** Opening Provided records block **
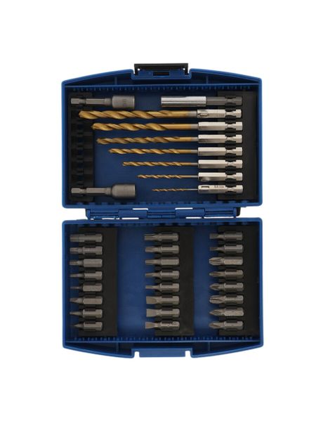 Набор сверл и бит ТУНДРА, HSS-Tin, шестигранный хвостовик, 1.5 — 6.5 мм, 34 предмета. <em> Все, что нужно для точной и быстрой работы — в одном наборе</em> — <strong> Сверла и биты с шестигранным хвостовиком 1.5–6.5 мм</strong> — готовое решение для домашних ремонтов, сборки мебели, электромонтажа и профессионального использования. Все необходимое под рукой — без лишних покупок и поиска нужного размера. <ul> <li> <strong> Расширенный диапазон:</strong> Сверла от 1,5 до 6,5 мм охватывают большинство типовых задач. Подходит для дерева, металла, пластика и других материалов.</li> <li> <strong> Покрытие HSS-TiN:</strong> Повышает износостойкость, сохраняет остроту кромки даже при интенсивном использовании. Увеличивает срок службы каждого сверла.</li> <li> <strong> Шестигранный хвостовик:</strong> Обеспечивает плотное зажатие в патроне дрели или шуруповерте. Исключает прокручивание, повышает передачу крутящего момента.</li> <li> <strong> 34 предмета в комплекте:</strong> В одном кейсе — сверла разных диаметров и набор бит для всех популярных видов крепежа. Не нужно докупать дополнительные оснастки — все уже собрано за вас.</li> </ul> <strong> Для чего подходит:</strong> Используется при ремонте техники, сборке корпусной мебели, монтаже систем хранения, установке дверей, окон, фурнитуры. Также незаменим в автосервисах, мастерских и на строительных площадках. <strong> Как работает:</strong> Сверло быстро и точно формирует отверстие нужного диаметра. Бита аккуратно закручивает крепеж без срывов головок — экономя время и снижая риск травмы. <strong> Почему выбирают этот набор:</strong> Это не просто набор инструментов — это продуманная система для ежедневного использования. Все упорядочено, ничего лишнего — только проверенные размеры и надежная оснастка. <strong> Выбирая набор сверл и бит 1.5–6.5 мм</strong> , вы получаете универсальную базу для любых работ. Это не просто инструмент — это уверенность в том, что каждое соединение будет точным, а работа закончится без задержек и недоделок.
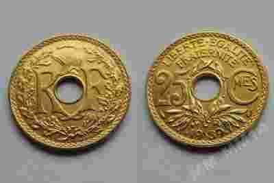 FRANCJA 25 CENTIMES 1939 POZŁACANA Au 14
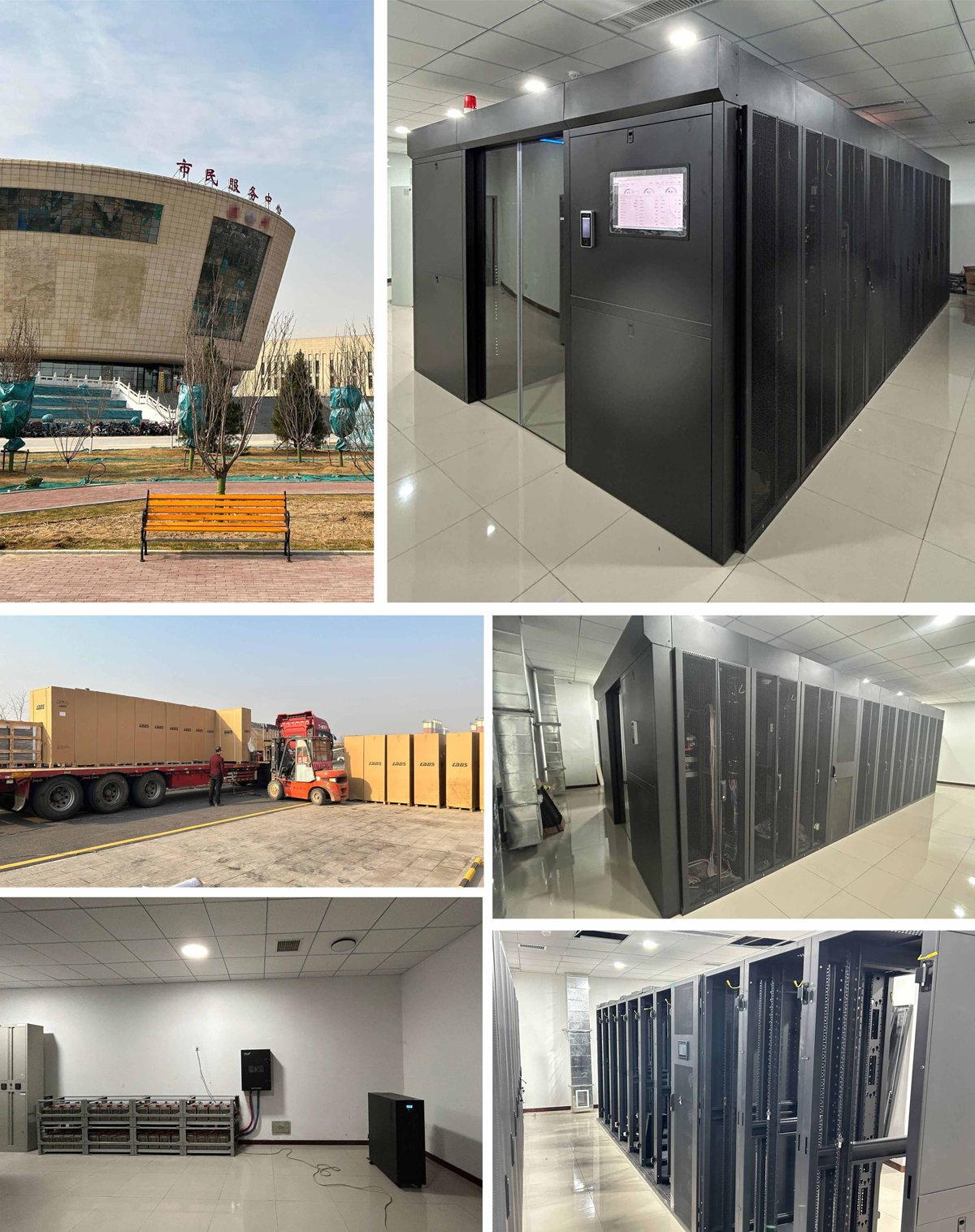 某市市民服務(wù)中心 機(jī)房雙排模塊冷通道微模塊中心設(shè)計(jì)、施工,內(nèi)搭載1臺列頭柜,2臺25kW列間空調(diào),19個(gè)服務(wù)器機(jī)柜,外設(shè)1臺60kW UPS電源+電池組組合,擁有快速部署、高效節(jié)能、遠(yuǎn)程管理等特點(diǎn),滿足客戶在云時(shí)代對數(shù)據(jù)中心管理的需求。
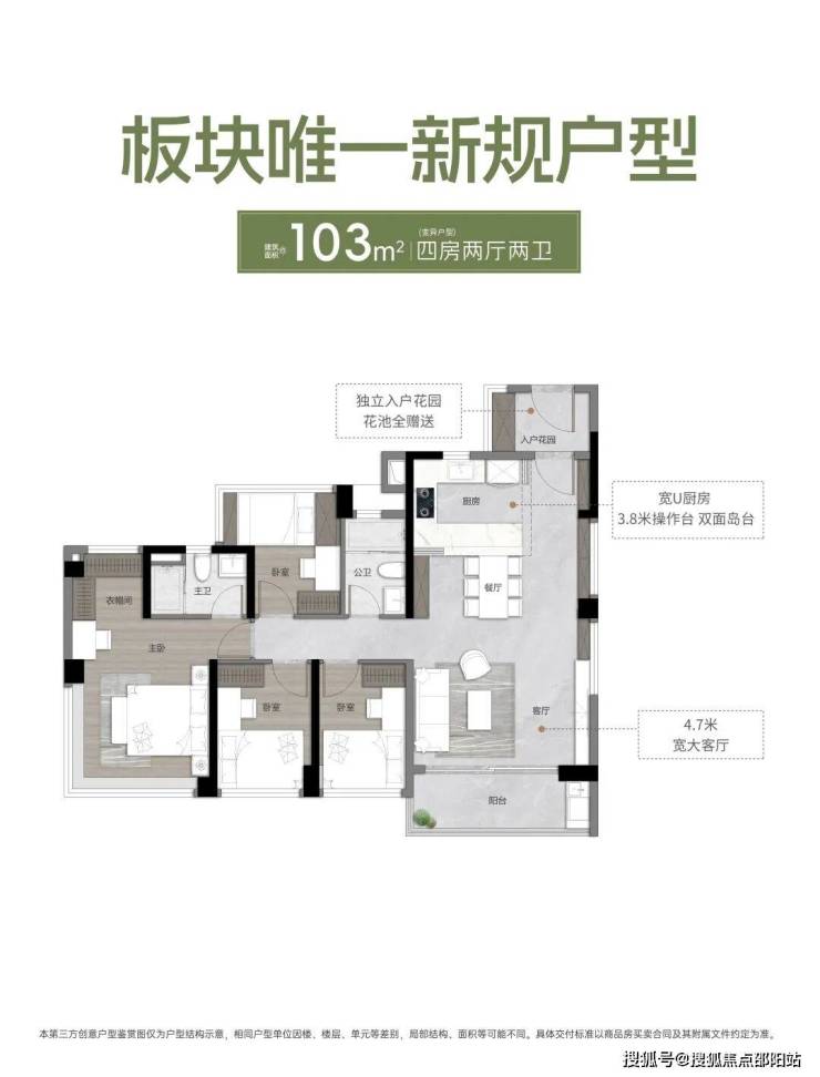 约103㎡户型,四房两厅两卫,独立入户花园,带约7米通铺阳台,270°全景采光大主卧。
** Closing Provided records block **
** Opening Provided records block **
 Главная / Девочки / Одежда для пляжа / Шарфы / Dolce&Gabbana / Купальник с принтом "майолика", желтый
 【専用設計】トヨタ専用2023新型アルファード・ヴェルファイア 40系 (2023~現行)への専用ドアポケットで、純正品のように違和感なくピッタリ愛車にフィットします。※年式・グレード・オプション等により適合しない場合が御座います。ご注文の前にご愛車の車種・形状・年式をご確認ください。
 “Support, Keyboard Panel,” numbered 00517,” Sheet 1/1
** Closing Provided records block **
Task to complete
Transcribe only the lines above that start at the line containing "FRANCJA 25 CENTIMES 1939 POZŁACANA Au 14" and end at the line containing "约103㎡户型,四房两厅两卫". Omit pictures.

Solution
 FRANCJA 25 CENTIMES 1939 POZŁACANA Au 14
 某市市民服務(wù)中心 機(jī)房雙排模塊冷通道微模塊中心設(shè)計(jì)、施工,內(nèi)搭載1臺列頭柜,2臺25kW列間空調(diào),19個(gè)服務(wù)器機(jī)柜,外設(shè)1臺60kW UPS電源+電池組組合,擁有快速部署、高效節(jié)能、遠(yuǎn)程管理等特點(diǎn),滿足客戶在云時(shí)代對數(shù)據(jù)中心管理的需求。
 约103㎡户型,四房两厅两卫,独立入户花园,带约7米通铺阳台,270°全景采光大主卧。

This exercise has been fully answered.